Personal information
- Full name: Domingo Nicolás Fuentes Zegarra
- Date of birth: 20 December 1941
- Place of birth: Mollendo, Peru
- Date of death: 28 October 2015 (aged 73)
- Height: 1.68 m (5 ft 6 in)
- Position: Left-back

Senior career*
- Years: Team / Apps / (Gls)
- 1961–1963: Atlético Chalaco
- 1964–1970: Universitario
- 1971–1972: Defensor Lima
- 1973: Atlético Chalaco
- 1974: Sporting Cristal

International career
- 1965–1970: Peru / 17 / (0)

= Nicolás Fuentes =

Peruvian footballer (1941–2015)

Domingo Nicolás Fuentes Zegarra (20 December 1941 – 28 October 2015) was a Peruvian footballer who played as a left-back.

== Early life ==
Domingo Nicolás Fuentes Zegarra was born in Mollendo, Peru.

==Career==
Fuentes played for Atlético Chalaco, Universitario de Deportes, Defensor Lima and Sporting Cristal.

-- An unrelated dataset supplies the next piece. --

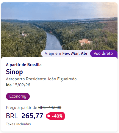 Além dos 46% citados acima, ainda há descontos expressivos na página da promoção LATAM, como, por exemplo, o voo de Brasília para Sinop, com 40% off.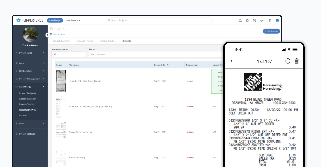 Learn how to use the Receipts to organize and process your project receipts.

With Universitario he won the Peruvian Primera División in 1964, 1966, 1967, and 1969.

He made 17 appearances for the Peru national team from 1965 to 1971, including playing at the 1970 FIFA World Cup.

==Death==
Fuentes died on 28 October 2015 at the age of 73 due to lung disease.